[Opening Input data section]

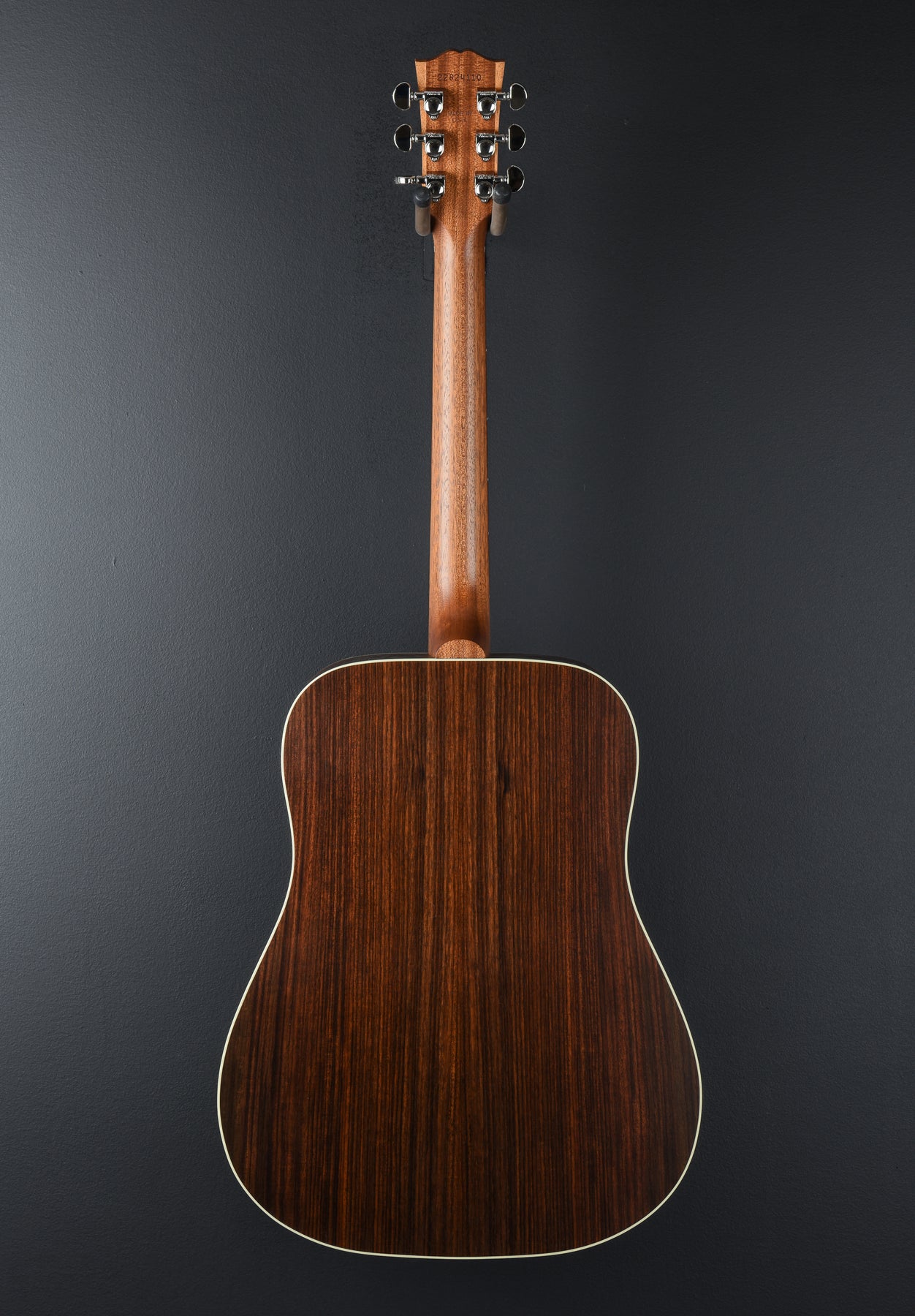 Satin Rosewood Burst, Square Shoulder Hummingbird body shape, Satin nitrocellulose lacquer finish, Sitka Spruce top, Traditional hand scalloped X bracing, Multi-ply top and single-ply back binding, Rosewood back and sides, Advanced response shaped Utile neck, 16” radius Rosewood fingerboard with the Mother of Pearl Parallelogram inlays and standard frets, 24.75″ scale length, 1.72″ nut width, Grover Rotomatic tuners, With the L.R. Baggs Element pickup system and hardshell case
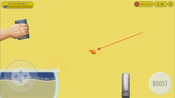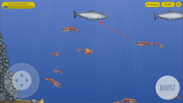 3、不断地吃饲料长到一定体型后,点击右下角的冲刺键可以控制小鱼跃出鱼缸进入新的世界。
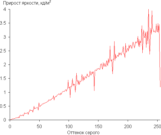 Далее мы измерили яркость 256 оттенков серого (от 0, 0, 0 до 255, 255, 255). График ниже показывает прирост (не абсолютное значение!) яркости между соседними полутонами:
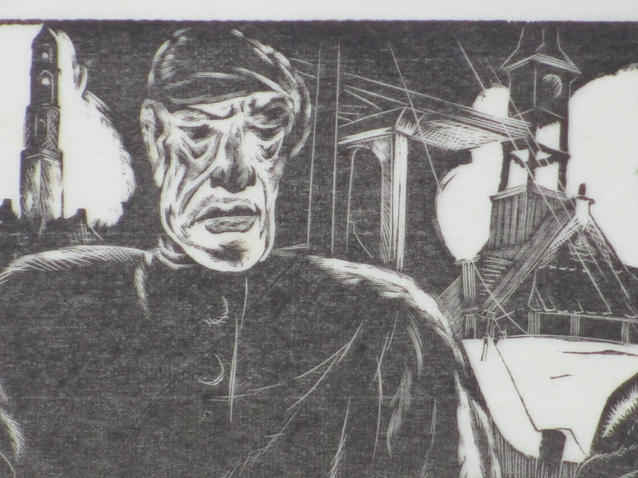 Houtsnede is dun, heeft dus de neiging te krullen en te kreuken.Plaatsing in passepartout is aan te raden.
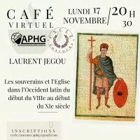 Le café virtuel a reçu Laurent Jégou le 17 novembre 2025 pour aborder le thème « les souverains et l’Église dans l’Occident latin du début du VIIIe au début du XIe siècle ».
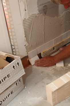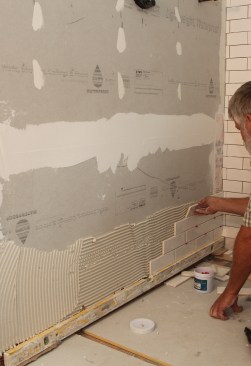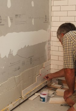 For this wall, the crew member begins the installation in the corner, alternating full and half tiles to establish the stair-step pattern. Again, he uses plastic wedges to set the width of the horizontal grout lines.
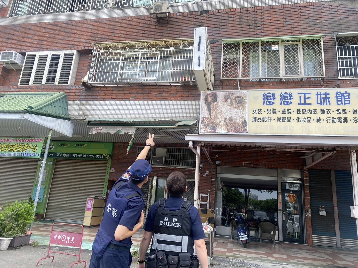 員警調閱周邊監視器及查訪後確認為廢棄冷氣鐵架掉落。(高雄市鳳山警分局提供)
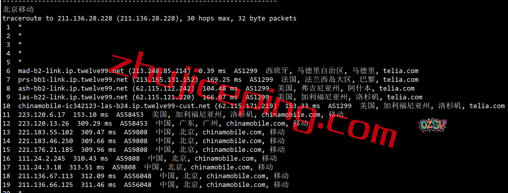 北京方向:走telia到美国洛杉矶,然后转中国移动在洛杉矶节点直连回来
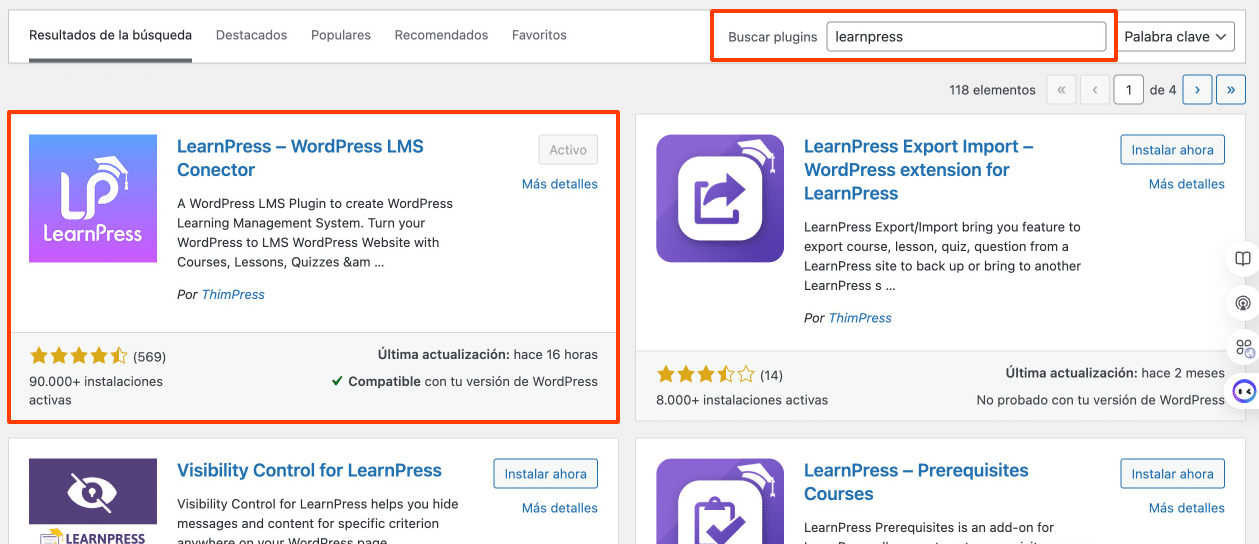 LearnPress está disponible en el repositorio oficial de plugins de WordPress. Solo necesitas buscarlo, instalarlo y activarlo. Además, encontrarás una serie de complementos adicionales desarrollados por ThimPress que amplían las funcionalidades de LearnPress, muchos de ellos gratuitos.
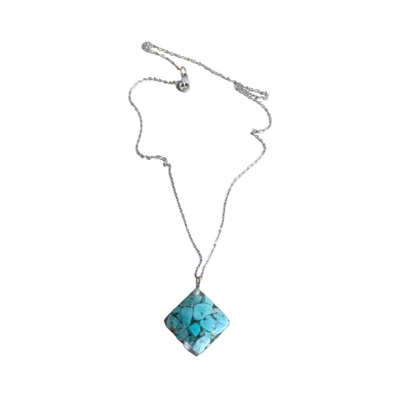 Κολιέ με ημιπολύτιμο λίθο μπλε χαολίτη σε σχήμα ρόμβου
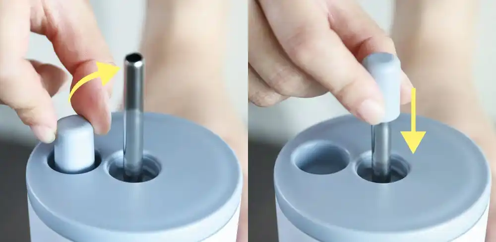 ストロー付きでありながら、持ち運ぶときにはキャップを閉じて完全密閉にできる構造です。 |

[Closing Input data section]
[Opening Input data section]

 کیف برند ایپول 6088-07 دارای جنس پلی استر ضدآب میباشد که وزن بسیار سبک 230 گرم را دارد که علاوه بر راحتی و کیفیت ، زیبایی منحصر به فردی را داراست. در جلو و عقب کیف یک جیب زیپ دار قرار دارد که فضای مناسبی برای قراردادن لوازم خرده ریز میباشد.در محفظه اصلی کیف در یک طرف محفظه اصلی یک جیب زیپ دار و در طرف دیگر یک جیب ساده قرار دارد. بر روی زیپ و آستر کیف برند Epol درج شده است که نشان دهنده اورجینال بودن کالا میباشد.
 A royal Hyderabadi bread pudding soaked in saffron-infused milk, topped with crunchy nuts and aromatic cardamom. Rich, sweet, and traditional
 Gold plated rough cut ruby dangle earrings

[Closing Input data section]

Your task: Copy out the lines above from the line containing "Satin Rosewood Burst, Square" through the line containing "Le café virtuel", exactly, and keep the pictures out.

Task solution:
 Satin Rosewood Burst, Square Shoulder Hummingbird body shape, Satin nitrocellulose lacquer finish, Sitka Spruce top, Traditional hand scalloped X bracing, Multi-ply top and single-ply back binding, Rosewood back and sides, Advanced response shaped Utile neck, 16” radius Rosewood fingerboard with the Mother of Pearl Parallelogram inlays and standard frets, 24.75″ scale length, 1.72″ nut width, Grover Rotomatic tuners, With the L.R. Baggs Element pickup system and hardshell case
 3、不断地吃饲料长到一定体型后,点击右下角的冲刺键可以控制小鱼跃出鱼缸进入新的世界。
 Далее мы измерили яркость 256 оттенков серого (от 0, 0, 0 до 255, 255, 255). График ниже показывает прирост (не абсолютное значение!) яркости между соседними полутонами:
 Houtsnede is dun, heeft dus de neiging te krullen en te kreuken.Plaatsing in passepartout is aan te raden.
 Le café virtuel a reçu Laurent Jégou le 17 novembre 2025 pour aborder le thème « les souverains et l’Église dans l’Occident latin du début du VIIIe au début du XIe siècle ».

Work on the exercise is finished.